RIVER OF THE MONTH
Yampa River
The Yampa is the last great free-flowing river on the Colorado Plateau, its course interrupted only by a pair of small dams in the upper basin. Near the end of its 250-mile journey to the Green River, it carves one of the most spectacular river canyons in the world at Dinosaur National Monument. With its wild character, verdant riparian corridors and spectacular red-rock canyons, the Yampa is hands-down one of the truly great rivers of the West.
Why It Matters
USFWS
DAVID DIETRICH
The least dammed of the major Colorado tributaries, the Yampa River is critical for endangered warm-water fish, and its waters nourish one of the finest cottonwood forests in the West.

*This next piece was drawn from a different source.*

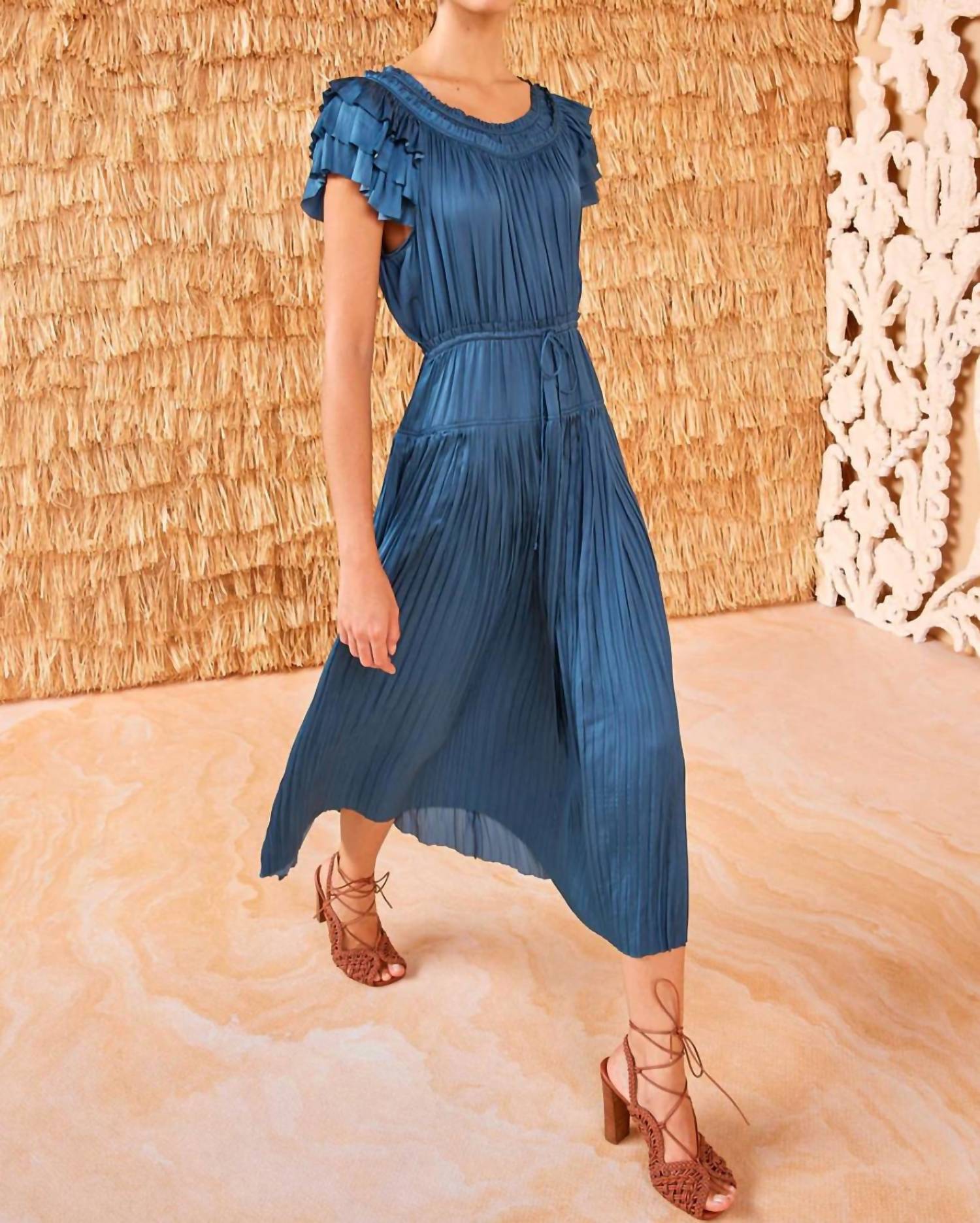A midi dress so versatile, your options for wearing it are endless. Introducing the Ulla Johnson Kalesta Midi Dress, a stunning addition to your summer wardrobe in a monochrome Neptune hue. This elegant A-line dress features micro-pleated short sleeves and a scoopneck, with a flattering drawstring waist ensuring a perfect fit. Crafted from 100% Polyester, the dress flows gracefully to a midi length with a solid pattern. Closure: Pull-on. Care: Dry clean only. Ideal for Easter and other special occasions.
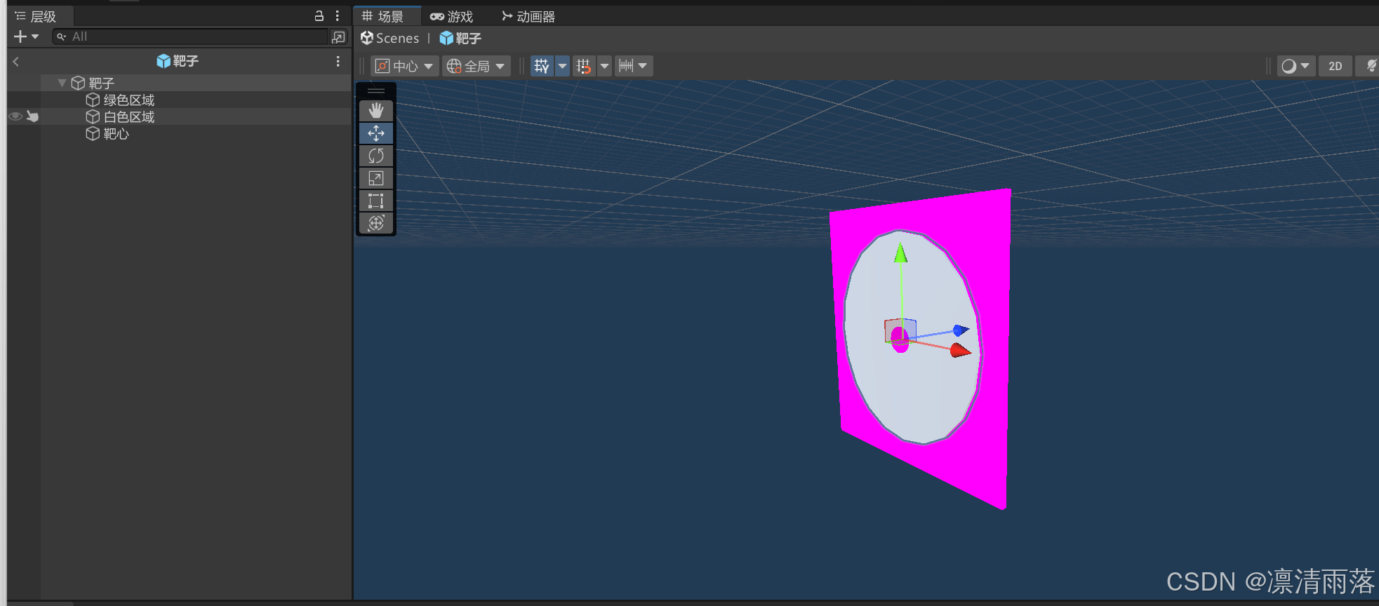 做一个靶子的预制体,白色区域和靶心是得分区域,其中靶心得分更高

The Yampa is forever enshrined as the launch point of the river conservation movement in the 1950s, when citizens blocked construction of Echo Park Dam, which would have flooded the Yampa and Green River Canyons.
Fish
ROB HANNA
The Yampa is key to the survival of four native species of warmwater fish: Colorado pikeminnow, humpback chub, bonytail chub, and razorback sucker (pictured), which have suffered elsewhere from nonnative fish competition and habitat degradation. The upper Yampa, the Elk and Little Snake River tributaries have superb habitat for imperiled Colorado cutthroat trout.
Wildlife
Cottonwood and box elder forests that line the Yampa River provide a rare haven for a diverse array of birds and mammals, including colorful songbirds, osprey, beaver and otter. The basin is also home to large mammals like bighorn sheep, pronghorn, black bear and cougar. Near Cross Mountain Canyon, the basin has one of the largest herds of Rocky Mountain elk (pictured) in the Lower 48.